Definition
This syndrome is characterized by the absence of both gonads in patients with female external genitalia. The most frequent karyotype is 46, XY (gonadal dysgenesis syndrome) and 46, XX in isolated cases.
Clinical Features
The most frequent clinical symptoms are primary amenorrhea and delayed puberty. The external genitalia are normal female (absence of clitoromegaly or labioscrotal fusion). The patients have short stature, minimal breast development, and scarce pubic hair; marked elevation of gonadotropins and low levels of testosterone and estrogen. Laparoscopic study, in most cases, shows absence of uterus, fallopian tubes, and gonads. Sometimes there are hypoplastic fallopian tubes. Vaginoscopy does not show cervix. Agonadism can be associated with other syndromes: PAGOD, Kennerknecht, Seckel and Charge, and congenital adrenal hyperplasia (Soveid and Rais-Jalali 2016).
Incidence
Very rare.
References and Further Reading
Erickson, R. P., Yatsenko, S. A., Larson, K., & Cheung, S. W. (2011). A case of agonadism, skeletal malformations, bicuspid aortic valve, and delayed development with a 16p13.3 duplication including gng13 and sox8 upstream enhancers: Are either, both or neither involved in the phenotype? Molecular Syndromology, 1, 185–191.

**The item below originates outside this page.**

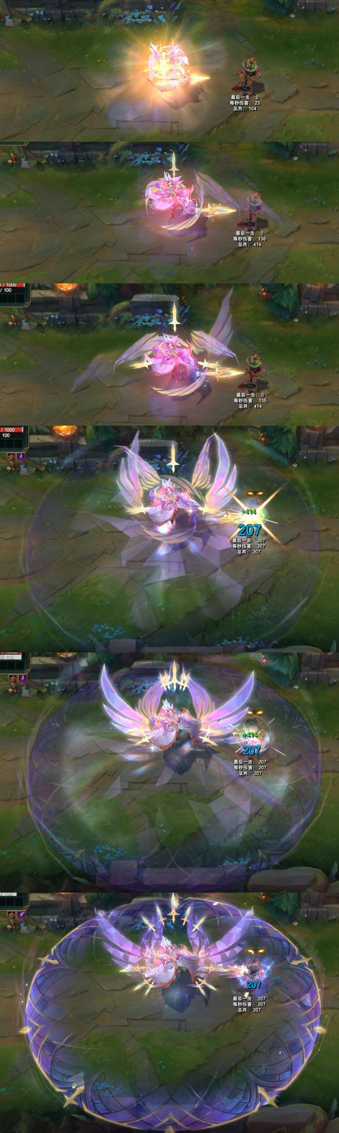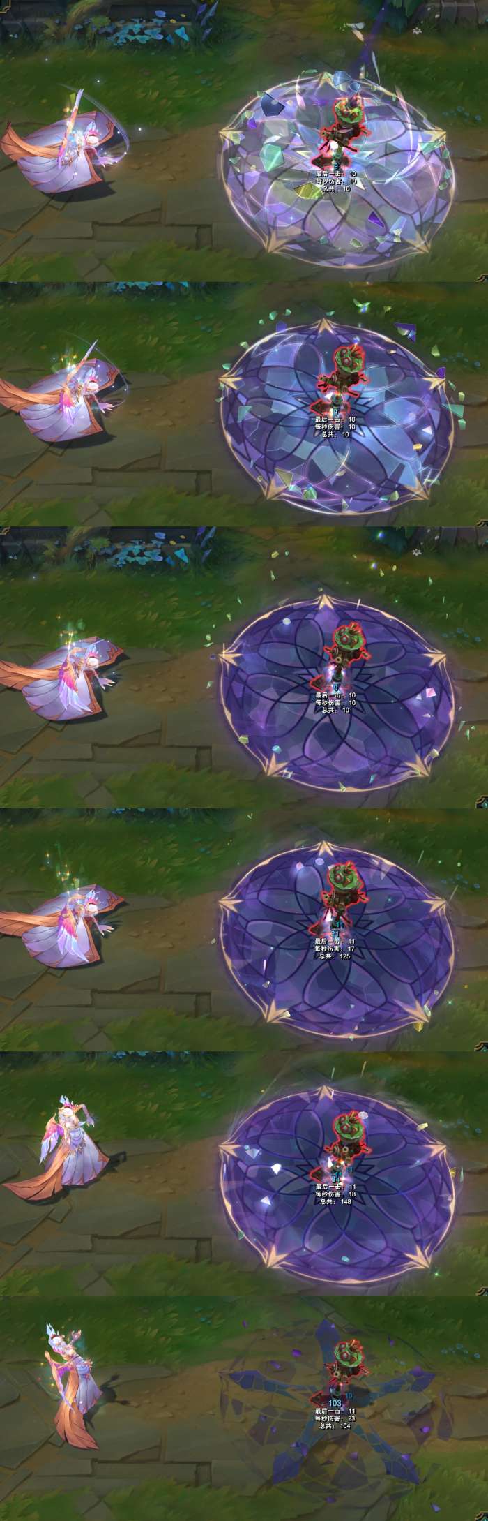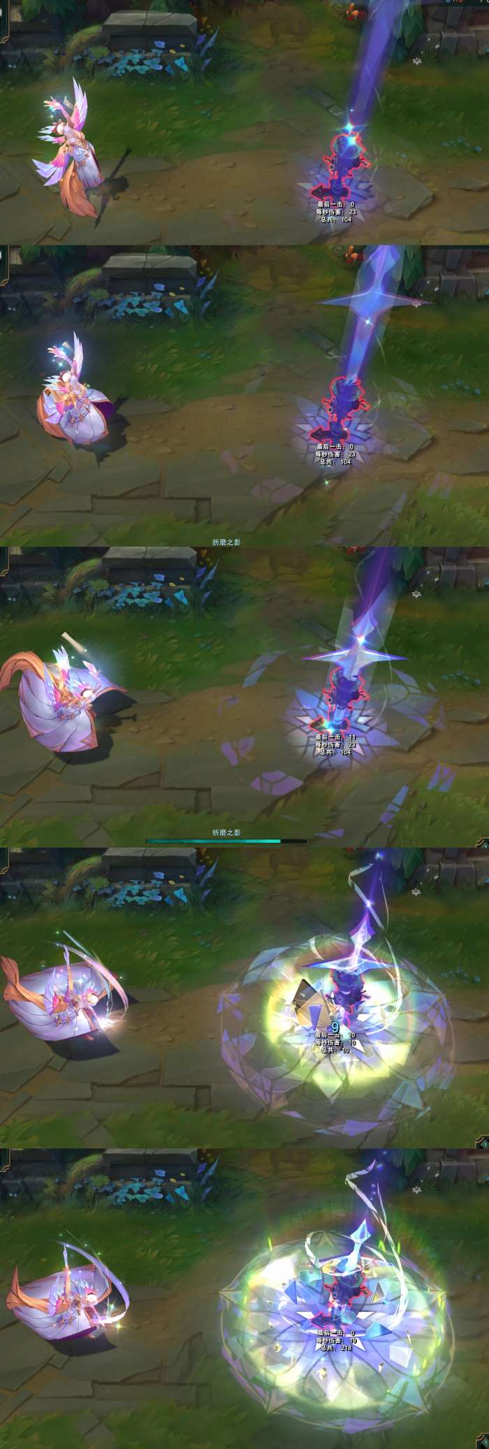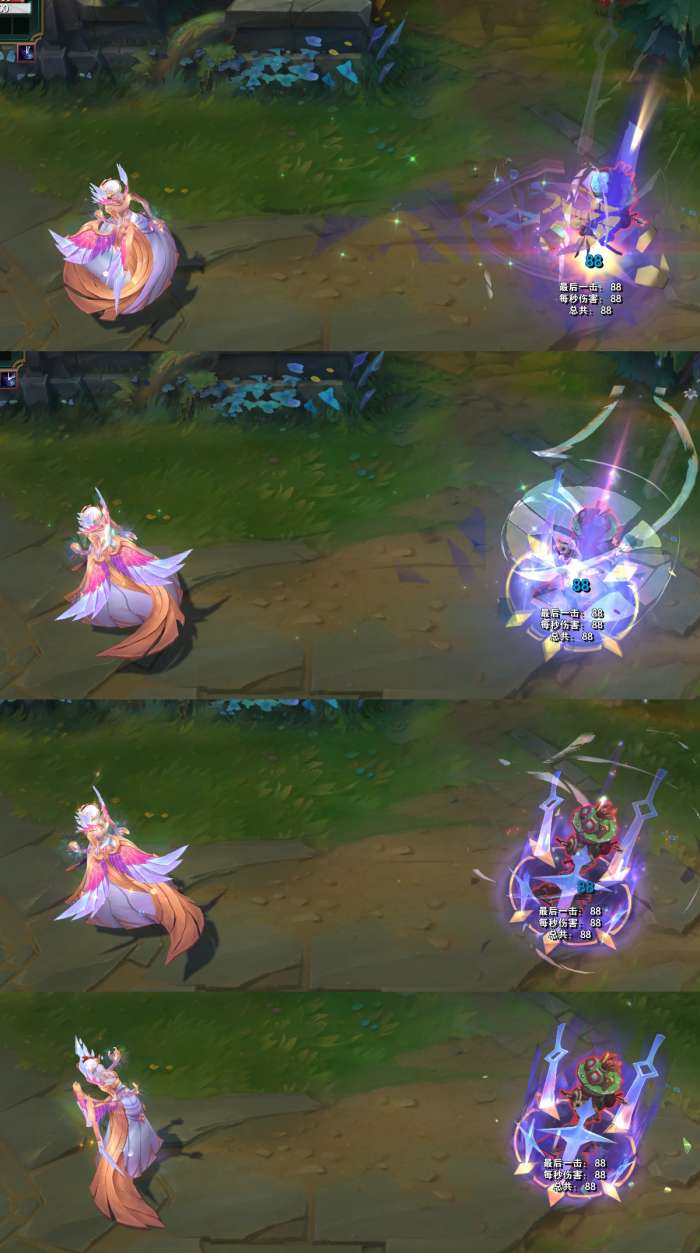 结束时,身体会变成紫色的水晶,周围出现环绕着的光效。

Hunter, J. D., Pierce, S. R., Calikoglu, A. S., & Howell, J. O. (2016). Embryonic testicular regression syndrome presenting as primary amenorrhea: A case report and review of disorders of sexual development. Journal of Pediatric and Adolescent Gynecology, 29(4), e59–e62.
Soveid, M. M., & Rais-Jalali, G. A. M. (2016). Seventeen alpha-hydroxylase deficiency associated with absent gonads and myelolipoma: A case report and review of literature. Iran Journal of Medical Science, 41, 543–547.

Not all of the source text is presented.